I’m always on the lookout for new voices in Chinese literature. So when I came across The Concubine’s Daughter by Pai Kit Fai (St. Martin’s Griffin, 2009), I was game. And that’s what I read this week.
The story follows the daughter of a concubine in early 20th century China whose father tries to bury her alive because she’s a worthless girl. Li-Xia, as she’s named, survives and is sold to a silk factory owner after escaping the tortuous process of foot-binding. At the silk farm/factory, she stirs up more trouble and is sent to the river to be drowned. As luck would have it, a half-Chinese, half-British sea captain rescues her, falls in love with her, and trains her to be comprador.
Before Li-Xia turnes 20, she and the barbarian sea captain marry and anxiously await the birth of their first child, a daughter named Little Star. The rest of the story chronicles Little Star’s daring escapes from red light districts in Macau and Hong Kong. And her own romantic involvement with a foreigner.
At 471 pages, the book kept me interested throughout, but soon after I started it, I did a little research and learned Pai Kit Fai is not in fact a Chinese man, but a foreign one, born in 1929, who goes by a Chinese pen name. Should I have viewed the book differently after learning the author’s background? Probably not, but I did.
You see, after I learned the author was a foreign man, I couldn’t help but wonder if the book would include western male fantasies about Asia, particularly Asian women. Sue me if I’m on high alert for that, but my limited training in literary criticism focused on gender and Asia. (The World of Suzie Wong and The Quiet American are two of my favorite books nonetheless.)
The first part of The Concubine’s Daughter is beautifully written–poetic metaphors and gorgeous descriptions of the lush landscape of southern China. The author seemed quite progressive with his strong female characters and aversion to foot-binding (and I read these parts when I still thought the author was an octogenarian Chinese man).
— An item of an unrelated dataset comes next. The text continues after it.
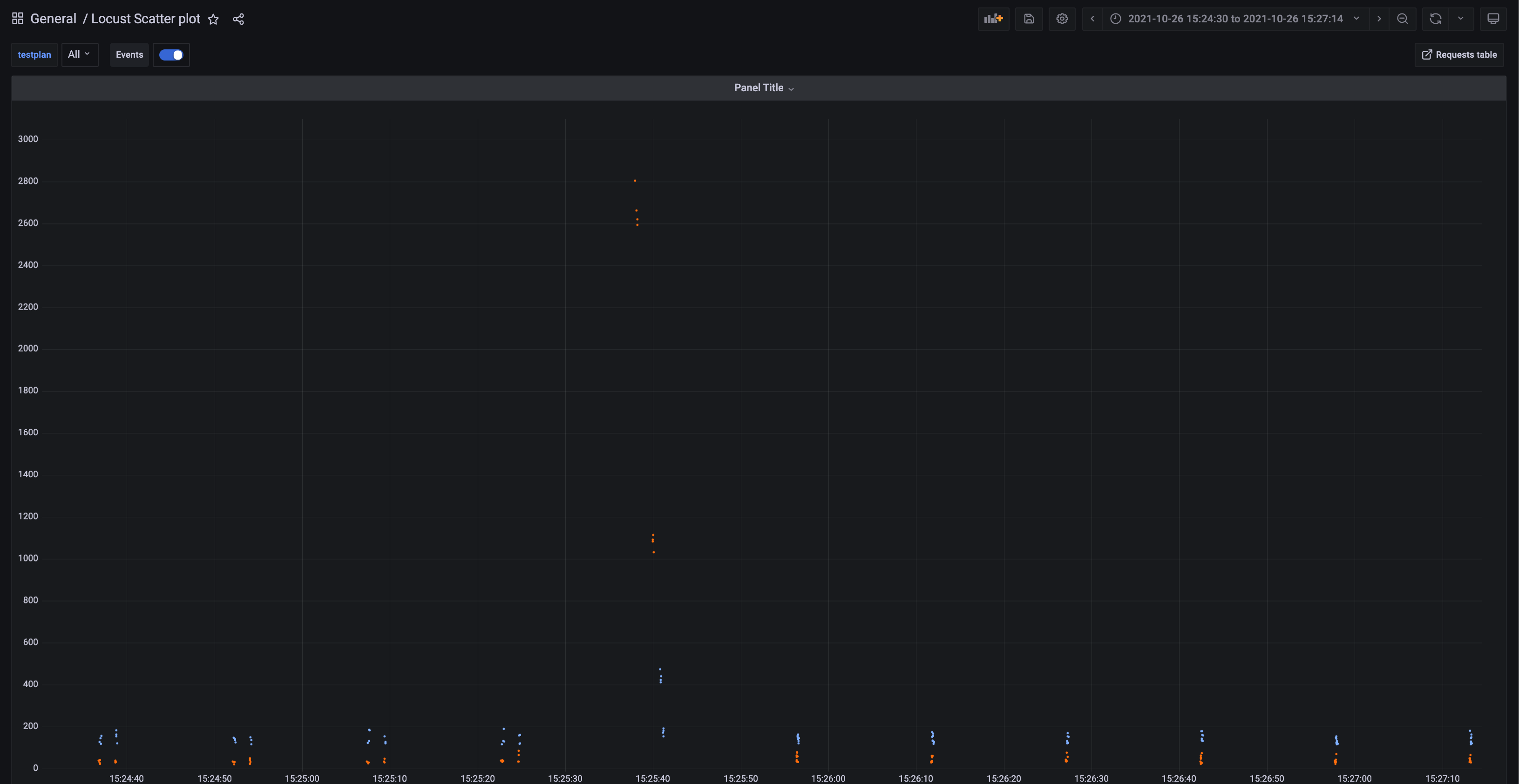 A graph that shows the response times of individual requests

The stories of Li-Xia and Little Star do include villainous Chinese men and dashing western saviors. And a little woman-on-woman action in one scene, but what bothered me more was the sequence of events at the end of the story. They were supposed to take place just before the Japanese occupation of Hong Kong, but at some point I wondered if the book jacket told a different story. There were no clues–not a one–that the Japanese were honing in on Hong Kong or had occupied China. In fact, when Little Star learned the fate of her father, supposedly killed in a Japanese air raid in Shanghai, I figured the author had skipped over all of WWII. Because there was no mention of the Japanese in Shanghai after that one passage.
Oh, but then at one point toward the end of the book, the author explains in one quick line how Little Star was so caught up in her own world that she didn’t know about the Rape of Nanking or the other events unfolding on the mainland or around Asia. Huh? I knew of some villages in central China where people still thought Mao was alive in the 1990s, but we’re talking Macau and Hong Kong in the 1930s. Those places weren’t exactly cut off from newspapers and radios!
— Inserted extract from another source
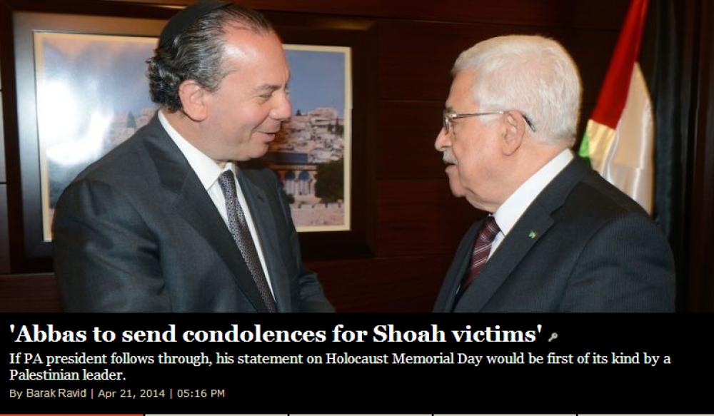 قال الحاخام مارك شنير نائب رئيس المؤتمر اليهودي العالمي ورئيس مؤسسة "التفاهم العرقي" الاثنين إنه من المتوقع أن يرسل الرئيس محمود عباس رسالة خاصة إلى "الشعب اليهودي" لتعزيته في ذكرى "المحرقة" الأسبوع المقبل. ونقلت صحيفة "هآرتس" العبرية عن شنير قوله بعد لقاءه الرئيس عباس في المقاطعة أمس إنه في حال تقديم الأخير تعازيه لليهود فإن ذلك يعتبر "سابقة هي الأولى من نوعها في تاريخ القيادة الفلسطينية". وأشار شنير إلى أن الرئيس عباس أكد خلال اللقاء أن المحرقة التي وقعت في الحرب العالمية الثانية على يد النازيين "أكبر مأساة في التاريخ الحديث"، على حد قوله. وأوضح أن اللقاء لم يكن بغرض الحديث في عملية التسوية أو قضايا سياسية، وإنما كان "للتقارب بين المسلمين واليهود" وهو محل اهتمام مؤسسة "التفاهم العرقي". وكان الرئيس عباس التقى شنير في مقر المقاطعة برام الله أمس عشية عيد الفصح اليهودي.

One more point of contention and then I’ll stop (for I really did find the whole novel entertaining and hard to put down). When Little Star goes to visit a doctor on Hankow Road in Hong Kong (my doctor was also on that street), she notices bars like Bottoms Up, the Cave Bar, and the Pink Pussycat, which would have sprouted 30 or 40 years after the story took place. I know it’s a work of fiction, but that historical inaccuracy stuck out.
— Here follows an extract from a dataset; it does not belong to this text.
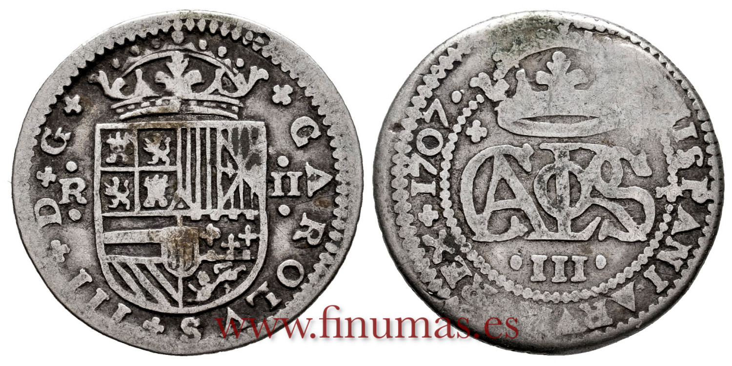 Cy07445.- CARLOS III - Pretendiente 2 Reales 1707 Barcelona, BC-

All in all, The Concubine’s Daughter is an engaging summer read for anyone who enjoys books about traditional Chinese customs like foot-binding and concubinage, martial arts, bi-cultural romance, and organized crime.
Svetlana says
Yikes…a white male wrote this under a Chinese pen Name? I wanted to read Dr zhivago, but after learning of author’s cconversion to Christianity and seeing his adulation for said religion in the book, I quickly gave up that idea.
Susan Blumberg-Kason says
I think the white man writing under a Chinese pen name is worse! It’s totally misleading! If you’re interested in a great story, I’d highly recommend The Orientalist by Tom Reiss. It’s about a Jewish man from the early 20th century who disguises himself as a whole range of other nationalities and religions. It’s one of my favorite books ever and is true!